WHAT TO WORK ON - When you reach the line below that has "For a sink with", start returning lines exactly, and stop after the line that has "Entry level pricing"; skip the pictures.

MATERIAL SHOWN -
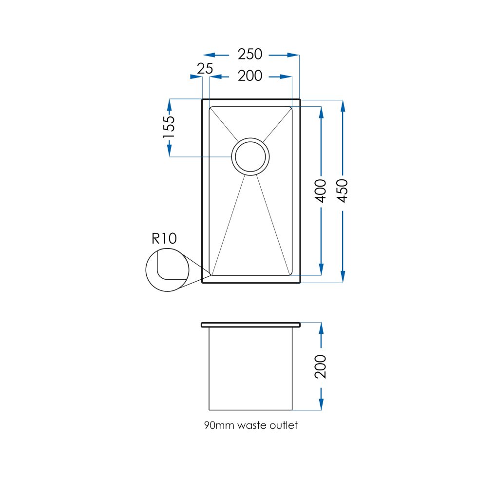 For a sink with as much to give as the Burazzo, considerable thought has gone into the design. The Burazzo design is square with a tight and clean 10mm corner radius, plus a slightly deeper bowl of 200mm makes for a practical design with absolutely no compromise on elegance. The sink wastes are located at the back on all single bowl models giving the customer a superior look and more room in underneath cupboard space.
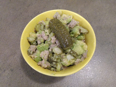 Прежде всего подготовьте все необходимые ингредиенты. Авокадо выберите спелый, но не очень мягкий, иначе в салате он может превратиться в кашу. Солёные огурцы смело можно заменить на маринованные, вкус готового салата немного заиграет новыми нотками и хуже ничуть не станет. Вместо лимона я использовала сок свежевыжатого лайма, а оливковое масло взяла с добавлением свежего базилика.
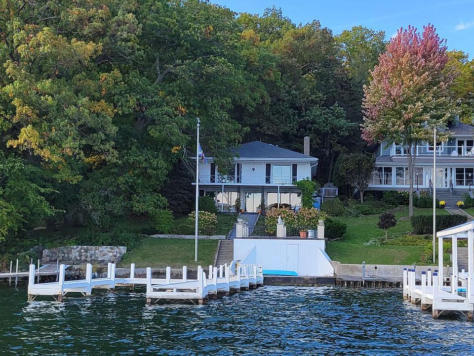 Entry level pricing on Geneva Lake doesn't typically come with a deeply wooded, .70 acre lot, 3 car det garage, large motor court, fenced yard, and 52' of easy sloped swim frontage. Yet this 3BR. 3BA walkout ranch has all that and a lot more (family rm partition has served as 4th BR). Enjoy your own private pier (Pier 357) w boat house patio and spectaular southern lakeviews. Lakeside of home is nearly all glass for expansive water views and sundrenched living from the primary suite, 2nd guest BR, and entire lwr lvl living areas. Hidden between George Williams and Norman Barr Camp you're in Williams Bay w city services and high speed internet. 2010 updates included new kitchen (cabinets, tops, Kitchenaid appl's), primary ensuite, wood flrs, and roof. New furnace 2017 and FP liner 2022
--
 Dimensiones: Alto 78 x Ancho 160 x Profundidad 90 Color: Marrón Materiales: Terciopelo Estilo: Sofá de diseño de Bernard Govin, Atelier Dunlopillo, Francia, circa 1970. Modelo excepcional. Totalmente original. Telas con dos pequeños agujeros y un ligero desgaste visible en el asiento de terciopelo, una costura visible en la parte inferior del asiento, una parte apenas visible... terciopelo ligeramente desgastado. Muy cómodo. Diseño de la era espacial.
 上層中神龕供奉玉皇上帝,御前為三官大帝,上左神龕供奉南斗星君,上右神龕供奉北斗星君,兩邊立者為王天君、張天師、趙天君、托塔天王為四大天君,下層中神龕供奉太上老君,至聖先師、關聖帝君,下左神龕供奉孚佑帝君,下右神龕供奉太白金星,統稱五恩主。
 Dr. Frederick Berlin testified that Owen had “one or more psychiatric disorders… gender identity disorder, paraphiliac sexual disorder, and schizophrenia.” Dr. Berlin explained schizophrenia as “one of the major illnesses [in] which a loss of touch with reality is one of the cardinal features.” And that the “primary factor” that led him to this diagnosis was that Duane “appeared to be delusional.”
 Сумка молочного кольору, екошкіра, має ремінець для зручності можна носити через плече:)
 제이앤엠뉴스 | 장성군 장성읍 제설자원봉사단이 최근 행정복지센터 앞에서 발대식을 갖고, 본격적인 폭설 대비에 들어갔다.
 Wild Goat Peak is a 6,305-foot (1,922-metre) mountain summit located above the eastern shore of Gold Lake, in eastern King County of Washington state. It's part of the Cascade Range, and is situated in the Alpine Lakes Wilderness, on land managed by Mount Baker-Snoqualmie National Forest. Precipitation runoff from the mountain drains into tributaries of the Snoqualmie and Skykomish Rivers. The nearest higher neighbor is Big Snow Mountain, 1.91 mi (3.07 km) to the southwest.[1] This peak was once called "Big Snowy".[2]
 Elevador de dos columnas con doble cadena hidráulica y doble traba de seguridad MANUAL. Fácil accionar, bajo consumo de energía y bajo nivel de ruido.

RESPONSE -
 For a sink with as much to give as the Burazzo, considerable thought has gone into the design. The Burazzo design is square with a tight and clean 10mm corner radius, plus a slightly deeper bowl of 200mm makes for a practical design with absolutely no compromise on elegance. The sink wastes are located at the back on all single bowl models giving the customer a superior look and more room in underneath cupboard space.
 Прежде всего подготовьте все необходимые ингредиенты. Авокадо выберите спелый, но не очень мягкий, иначе в салате он может превратиться в кашу. Солёные огурцы смело можно заменить на маринованные, вкус готового салата немного заиграет новыми нотками и хуже ничуть не станет. Вместо лимона я использовала сок свежевыжатого лайма, а оливковое масло взяла с добавлением свежего базилика.
 Entry level pricing on Geneva Lake doesn't typically come with a deeply wooded, .70 acre lot, 3 car det garage, large motor court, fenced yard, and 52' of easy sloped swim frontage. Yet this 3BR. 3BA walkout ranch has all that and a lot more (family rm partition has served as 4th BR). Enjoy your own private pier (Pier 357) w boat house patio and spectaular southern lakeviews. Lakeside of home is nearly all glass for expansive water views and sundrenched living from the primary suite, 2nd guest BR, and entire lwr lvl living areas. Hidden between George Williams and Norman Barr Camp you're in Williams Bay w city services and high speed internet. 2010 updates included new kitchen (cabinets, tops, Kitchenaid appl's), primary ensuite, wood flrs, and roof. New furnace 2017 and FP liner 2022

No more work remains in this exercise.